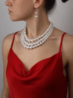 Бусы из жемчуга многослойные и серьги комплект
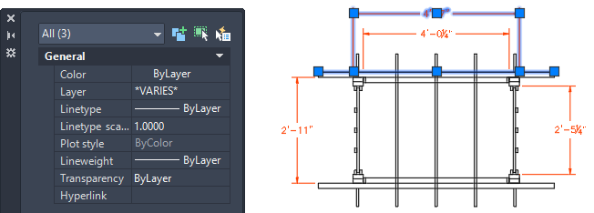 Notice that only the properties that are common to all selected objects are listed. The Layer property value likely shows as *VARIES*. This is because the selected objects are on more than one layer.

**********

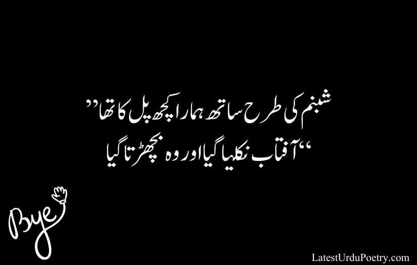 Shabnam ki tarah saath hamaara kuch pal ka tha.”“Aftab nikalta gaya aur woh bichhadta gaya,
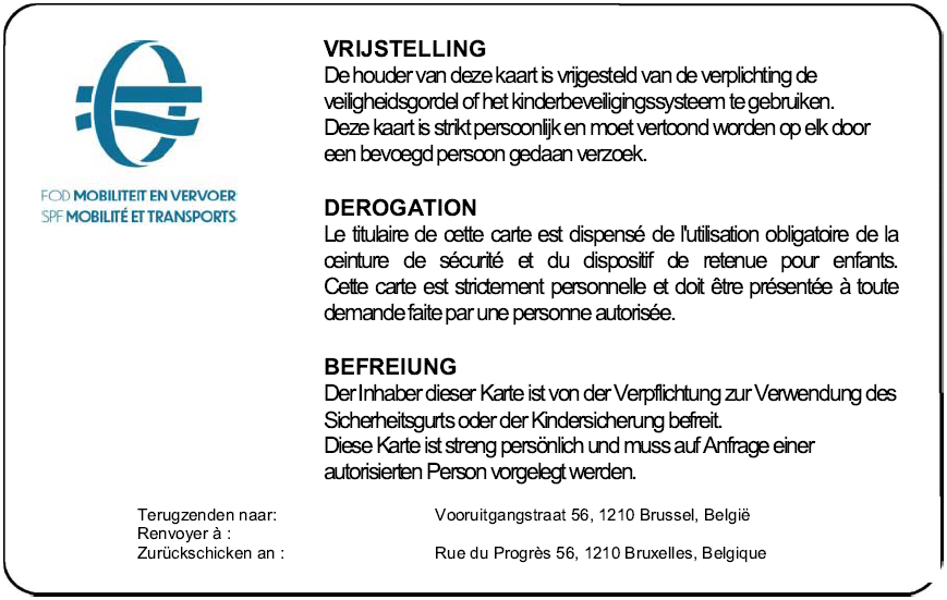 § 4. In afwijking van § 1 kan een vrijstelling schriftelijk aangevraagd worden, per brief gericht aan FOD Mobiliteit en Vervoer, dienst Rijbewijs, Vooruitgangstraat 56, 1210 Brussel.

**********

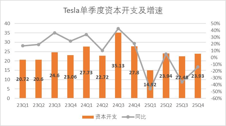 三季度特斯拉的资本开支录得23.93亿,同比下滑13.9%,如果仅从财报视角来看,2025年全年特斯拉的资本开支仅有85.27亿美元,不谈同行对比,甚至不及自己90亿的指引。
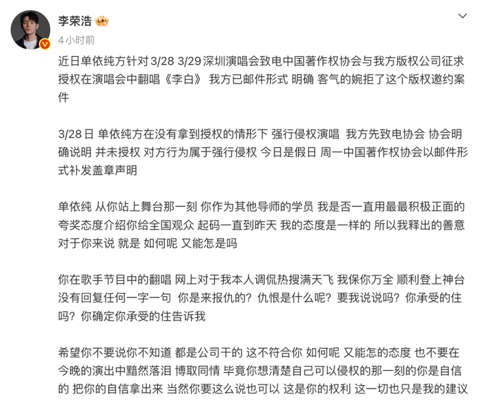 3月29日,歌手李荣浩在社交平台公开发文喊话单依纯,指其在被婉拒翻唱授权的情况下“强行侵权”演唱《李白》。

**********

▶ _TASK BRIEF_
Print, word for word, the lines above that run from the line containing "Shabnam ki tarah" to the line containing "56, 1210 Brussel.", both included. Keep the pictures out.

▶ _FINISHED EXERCISE_
 Shabnam ki tarah saath hamaara kuch pal ka tha.”“Aftab nikalta gaya aur woh bichhadta gaya,
 § 4. In afwijking van § 1 kan een vrijstelling schriftelijk aangevraagd worden, per brief gericht aan FOD Mobiliteit en Vervoer, dienst Rijbewijs, Vooruitgangstraat 56, 1210 Brussel.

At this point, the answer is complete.